基于 YOLO 的车牌检测与识别_专栏

本文将重点介绍 ALPR 的端到端实现。它将侧重于两个过程：车牌检测和检测到的车牌的 OCR。

背景介绍

深度学习一直是现代世界发展最快的技术之一。深度学习已经成为我们日常生活的一部分，从语音助手到汽车自动驾驶，它无处不在。其中一项应用是自动车牌识别 (ALPR)。顾名思义，ALPR 是一种利用人工智能和深度学习的力量来自动检测和识别车辆牌照字符的技术。
本文将重点介绍 ALPR 的端到端实现。它将侧重于两个过程，[1]车牌检测，[2]检测到的车牌的 OCR。

ALPR简介

想象一下，一个美丽的夏天，你在高速公路上行驶，收音机里播放着你最喜欢的歌曲，你越过限速，在 70 公里/小时的限速区以 90 公里/小时的速度驶过几个摄像头，然后意识到你的错误但为时已晚。几周后，您会收到一张罚单，上面附有您的汽车形象的证据。您一定想知道，他们是否手动检查每张图片并发送罚单？
当然不是，那是 ALPR 系统发送的。从捕获的图像或镜头中，ALPR 检测并提取您的车牌号并向您发送罚单。这一切都是基于简单的 ALPR 系统和几行代码。
自动车牌识别 (ALPR) 或 ANPR 是负责使用光学字符识别在图像或视频序列中读取车辆牌照的技术。
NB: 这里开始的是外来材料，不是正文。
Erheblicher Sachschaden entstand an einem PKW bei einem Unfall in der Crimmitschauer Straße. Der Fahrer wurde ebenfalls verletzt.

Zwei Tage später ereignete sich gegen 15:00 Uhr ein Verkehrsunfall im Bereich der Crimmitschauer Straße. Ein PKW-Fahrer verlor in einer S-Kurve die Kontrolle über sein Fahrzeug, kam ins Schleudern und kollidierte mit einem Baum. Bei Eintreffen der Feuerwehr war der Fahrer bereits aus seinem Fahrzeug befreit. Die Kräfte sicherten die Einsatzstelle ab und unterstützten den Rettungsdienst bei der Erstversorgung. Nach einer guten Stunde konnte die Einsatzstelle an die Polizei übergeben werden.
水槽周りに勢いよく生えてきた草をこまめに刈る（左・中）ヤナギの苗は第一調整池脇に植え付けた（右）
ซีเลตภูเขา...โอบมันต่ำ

随着深度学习和计算机视觉的最新进展，这些任务可以在几毫秒内完成。

ALPR如何工作

ALPR 是广泛使用的计算机视觉应用之一。它利用了各种方法，如对象检测、OCR、图像分割等。对于硬件，ALPR 系统只需要一个摄像头和一个好的 GPU。为简单起见，这篇博文将重点介绍两步过程。
【1】检测：首先，将视频序列的图像或帧从摄像头或已存储的文件传递给检测算法，该算法检测车牌并返回该车牌的边界框位置。
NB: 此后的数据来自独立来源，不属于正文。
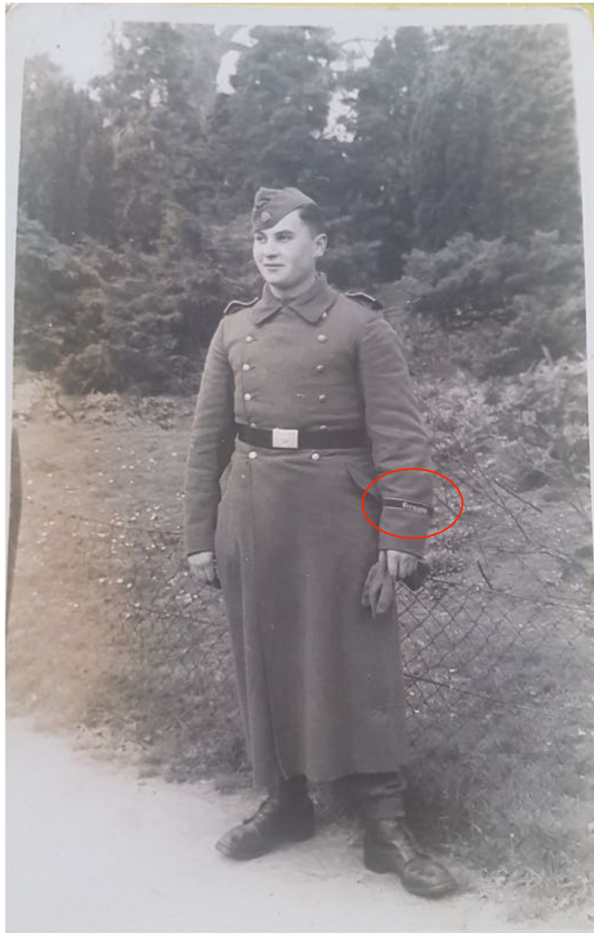
← Première affectation?: Regiment SS infanterie Germania du Verfügungs-Division

【2】识别：将OCR应用于检测到的车牌，识别车牌的字符，并以文本格式以相同的顺序返回字符。输出可以存储在数据库中，也可以绘制在图像上以进行可视化。
让我们一一详细了解每个步骤。

使用YOLO V4检测车牌

该管道模块负责从视频序列的图像或帧中检测车牌。
检测过程可以使用任何检测器完成，无论是基于区域的检测器还是单次检测器。这篇博文将重点介绍YOLO v4 的单次检测器，主要是因为它具有良好的速度和精度折中以及更好地检测小物体的能力。YOLOv4 将使用Darknet框架实现。

Darknet

Darknet 是一个用 C 和 CUDA 编写的开源神经网络框架。YOLOv4 使用 CSPDarknet53 CNN，这意味着它的目标检测主干使用了 Darknet53，共有 53 个卷积层。Darknet 非常易于安装、使用，只需几行代码即可完成。
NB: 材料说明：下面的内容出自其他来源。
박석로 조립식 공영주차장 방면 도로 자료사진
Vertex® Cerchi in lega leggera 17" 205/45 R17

git clone https://github.com/AlexeyAB/darknet

将安装和编译Darknet，并根据环境需要设置一些参数。

%cd darknet
sed -i 's/OPENCV=0/OPENCV=1/' Makefile
sed -i 's/GPU=0/GPU=1/' Makefile
sed -i 's/CUDNN=0/CUDNN=1/' Makefile
sed -i 's/CUDNN_HALF=0/CUDNN_HALF=1/' Makefile
sed -i 's/LIBSO=0/LIBSO=1/' Makefile

恭喜！Darknet现已安装。

在这里，一些参数（如 OpenCV、GPU、CUDA 等）设置为 1，即设置为 True，因为它们是提高代码效率和更快地运行计算所必需的。

数据集

数据是任何 AI 应用程序的核心，也是第一步也是最重要的步骤之一。为了训练 YOLOv4 检测器，将使用 Google 的车辆开放图像数据集。谷歌的“开放图像”是一个开源数据集，包含数千张带有注释的对象图像，用于对象检测、分割等。该数据集包含 1500 张训练图像和 300 张 YOLO 格式的验证图像。可以从这里下载数据集并将其放在名为 data 的文件夹下。让我们看一下数据集。

import math
# Creating a list of image files of the dataset.
data_path = './data/obj/train/'
files = os.listdir(data_path)
img_arr = []

# Displaying 4 images only.
num = 4

# Appending the array of images to a list.
for fimg in files:
    if fimg.endswith('.jpg'):
      demo = img.imread(data_path+fimg)
      img_arr.append(demo)
      if len(img_arr) == num:
        break

# Plotting the images using matplotlib.
_, axs = plt.subplots(math.floor(num/2), math.ceil(num/2), figsize=(50, 28))

axs = axs.flatten()

for cent, ax in zip(img_arr, axs):
    ax.imshow(cent)
plt.show()

训练

为了让模型学习，它需要在数据集上进行训练。在开始训练过程之前，需要修改配置文件（.cfg）。需要修改的参数是批量大小、细分、类等。从这里下载配置文件。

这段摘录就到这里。